Characterisation of equine cytochrome P450s
Orr, Catherine (2016) Characterisation of equine cytochrome P450s. PhD thesis, University of Nottingham.
Cytochrome P450s (CYPs) are a superfamily of enzymes involved in the phase I metabolism of endogenous and exogenous substances. They are present in almost all forms of life and have been studied extensively, particularly in relation to human medicine, where knowledge of their activities is essential for predicting drug-drug interactions. In the horse, little is currently known about CYP-specific drug metabolism, which holds importance for animal welfare and for doping control within the horseracing industry where drug-specific metabolites are tested for on race days. Recently the first recombinant equine CYPs have been produced, allowing specific data on equine P450 activity to be gathered for the first time. During the current study,46 full-length P450 sequences were identified from the equine genome. RT-PCR analysis was then carried out on equine liver in order to detect hepatic expression of P450s across various families. After this, cold-induction (pCold) E. coli were used for production of recombinant P450 proteins for subsquent functional testing. Four recombinant equine P450s were successfully expressed (CYP1A1, CYP2A13, CYP2C92 and CYP2D50).

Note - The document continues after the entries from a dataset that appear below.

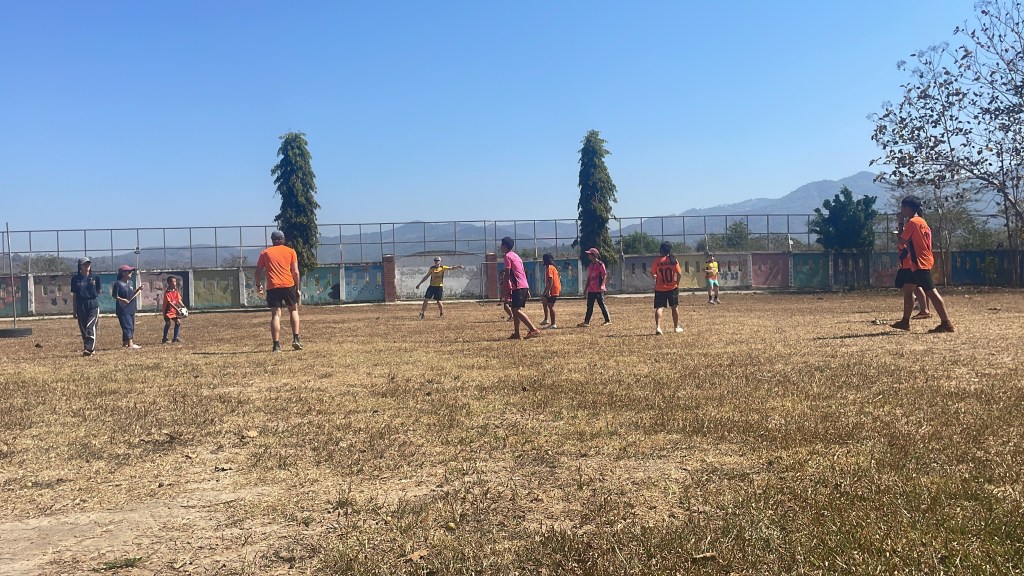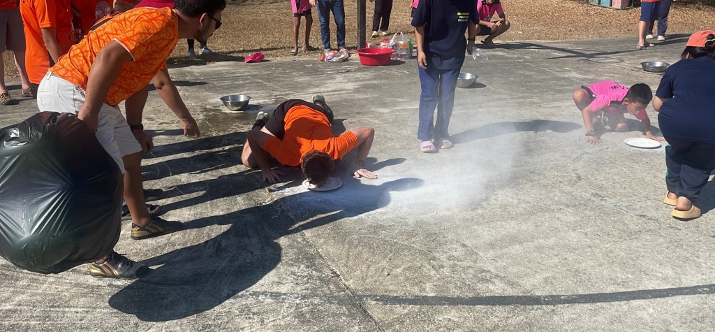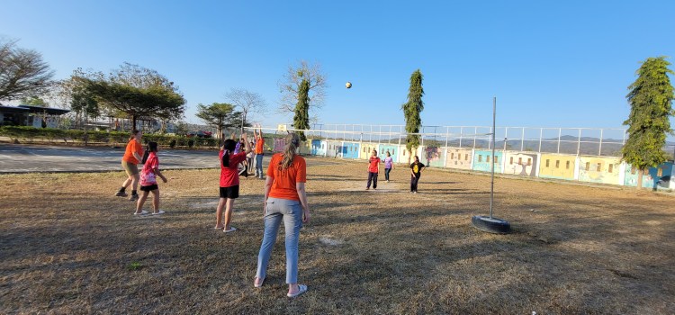 We started off the morning with stretching and some dancing as a large group, and then moved to the team sports. At 9:00 a.m., it was already 85 degrees and quickly getting hotter. The teams lined up for our first game: an underwear relay. Each member had to put on a pair of underwear and shower cap, and then run around the base and back. Both the kids and I found this game hilarious. There is just something about underwear that makes kids laugh, and their joy radiated. Our teammates’ competitive nature came out during this time too.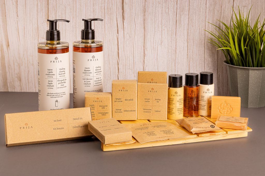 La linea cortesia Prija è pensata per offrire agli ospiti un’esperienza di benessere completa e distintiva, combinando qualità cosmetica, attenzione ai dettagli e identità sensoriale. I prodotti Prija per l’igiene personale sono formulati con ingredienti naturali selezionati come ginseng, loto ed estratti vegetali, noti per le loro proprietà tonificanti e rigeneranti. Le formulazioni sono delicate e ipoallergeniche, adatte a tutti i tipi di pelle, e caratterizzate da una fragranza calda ed esotica. Il packaging elegante e funzionale è disponibile in diversi formati. L’attenzione alla sostenibilità, con materiali riciclabili e formule certificate Vegan Friendly, rende la linea Prija una scelta ideale per strutture ricettive che desiderano unire comfort, immagine e responsabilità ambientale
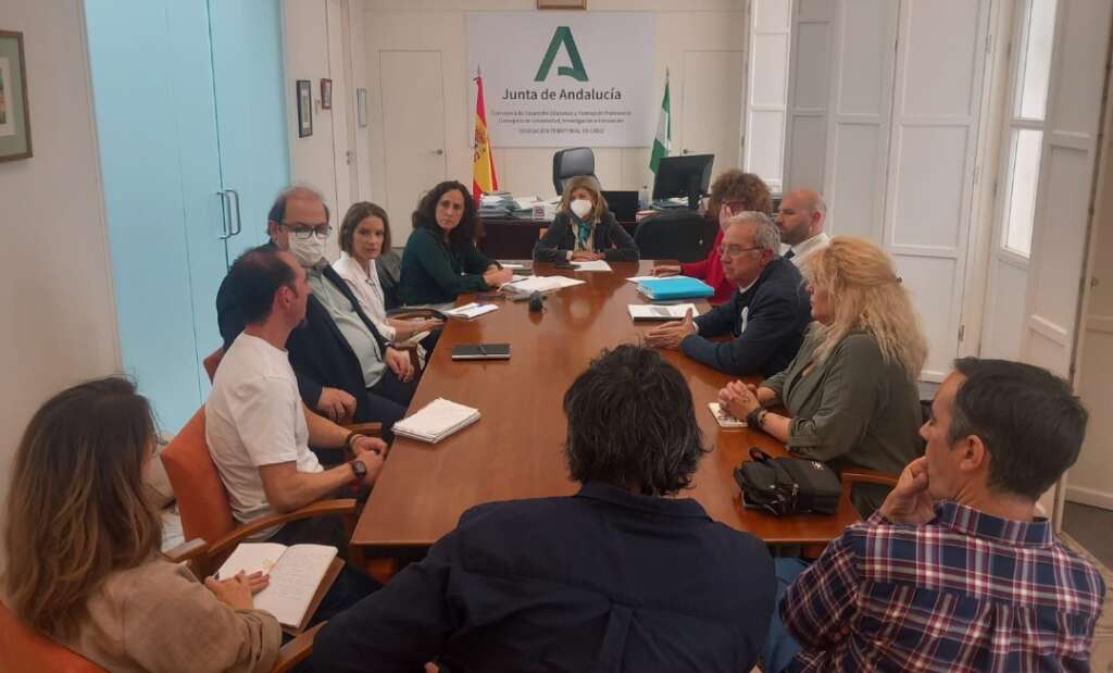 La delegada territorial de Desarrollo Educativo y Formación Profesional, Isabel Paredes, junto a la concejala de Educación del Ayuntamiento de San Fernando, Pepa Pacheco, han mantenido en la mañana de hoy una reunión con la comunidad educativa del CEIP San Ignacio, de San Fernando, en la que han estado presentes tanto el nuevo director del centro, Juan Antonio Espinosa, y representantes de la Asociación de Madres y Padres de Alumnos (AMPA). Paredes ha estado acompañada por representantes del Servicio de Inspección Educativa y Servicio de Planificación, en un encuentro, cuya finalidad responde a aunar esfuerzos y acercar posturas acerca de la situación actual del centro educativo.

Due to being the isoforms most likely to be involved in drug metabolism, rCYP2D50 and rCYP2C92 were selected to be screened against ten of the most commonly used horse drugs to identify potential substrates. rCYP2C92 appeared to metabolise all four NSAIDs tested (flunixin, ketoprofen, phenylbutazone and diclofenac), however presence of the known hydroxylated metabolites of diclofenac and phenylbutazone (4-hydroxydiclofenac and oxyphenbutazone, respectively) could not be confirmed despite being present within equine liver microsome and human recombinant CYP2C9 samples. In spite of the apparant acivity displayed by rCYP2C92 towards all four NSAIDs, no conclussions can be made about this enzyme’s role in NSAID metabolism due to a lack of known hydroxylated metabolite production.